Print every line of the listing below, starting with the line that holds "12/07/2024 – clique aqui;" and going on through the line that holds "1876 AND 1843 SEATED LIBERTY DIMES", both included, and print nothing else.

INFORMATION GIVEN below:

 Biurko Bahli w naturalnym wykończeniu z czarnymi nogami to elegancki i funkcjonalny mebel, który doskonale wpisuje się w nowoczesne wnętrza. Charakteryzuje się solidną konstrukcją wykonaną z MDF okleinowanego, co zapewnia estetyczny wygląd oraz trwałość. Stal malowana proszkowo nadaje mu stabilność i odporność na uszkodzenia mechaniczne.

End of INFORMATION GIVEN.
INFORMATION GIVEN below:

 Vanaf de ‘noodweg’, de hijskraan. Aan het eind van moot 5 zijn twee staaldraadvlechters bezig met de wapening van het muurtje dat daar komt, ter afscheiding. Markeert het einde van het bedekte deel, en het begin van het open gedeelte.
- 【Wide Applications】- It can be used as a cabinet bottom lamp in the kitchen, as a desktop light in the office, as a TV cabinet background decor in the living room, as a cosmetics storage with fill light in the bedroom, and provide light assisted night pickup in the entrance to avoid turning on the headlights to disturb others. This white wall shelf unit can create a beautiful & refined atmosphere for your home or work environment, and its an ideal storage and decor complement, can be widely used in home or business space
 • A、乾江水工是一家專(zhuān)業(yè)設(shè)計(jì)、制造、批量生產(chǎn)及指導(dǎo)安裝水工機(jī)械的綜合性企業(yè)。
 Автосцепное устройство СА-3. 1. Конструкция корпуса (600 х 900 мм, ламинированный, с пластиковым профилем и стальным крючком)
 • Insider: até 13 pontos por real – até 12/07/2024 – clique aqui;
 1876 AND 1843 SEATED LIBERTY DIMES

End of INFORMATION GIVEN.
INFORMATION GIVEN below:

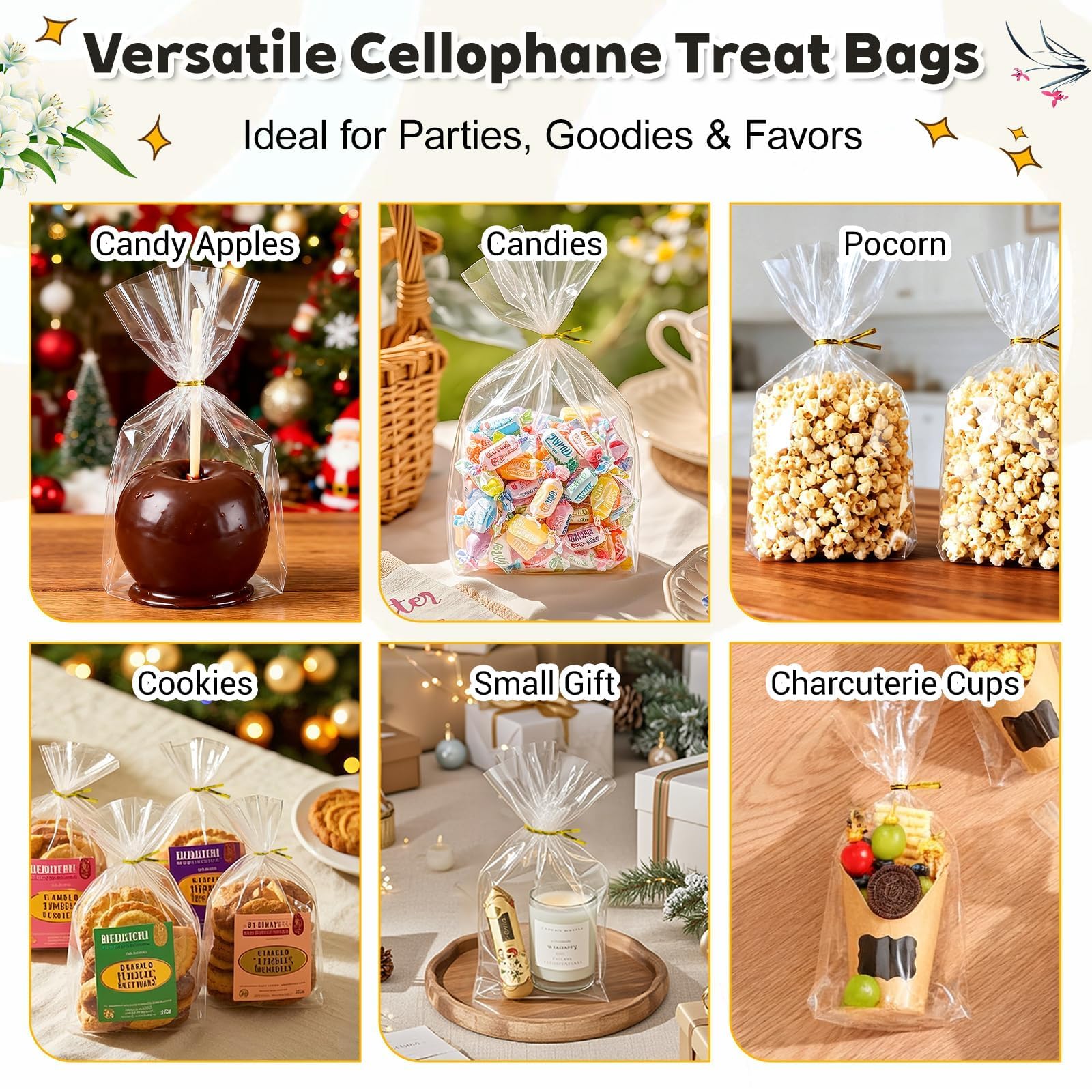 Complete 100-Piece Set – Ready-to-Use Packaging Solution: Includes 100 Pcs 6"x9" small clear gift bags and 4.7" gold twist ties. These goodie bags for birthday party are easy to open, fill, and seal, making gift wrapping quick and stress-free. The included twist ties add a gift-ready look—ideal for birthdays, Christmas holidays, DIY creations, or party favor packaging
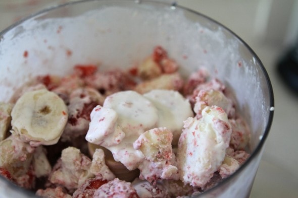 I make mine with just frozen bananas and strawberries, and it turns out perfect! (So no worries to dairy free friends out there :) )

End of INFORMATION GIVEN.

- [ANSWER TO THIS TASK]:
 • Insider: até 13 pontos por real – até 12/07/2024 – clique aqui;
 1876 AND 1843 SEATED LIBERTY DIMES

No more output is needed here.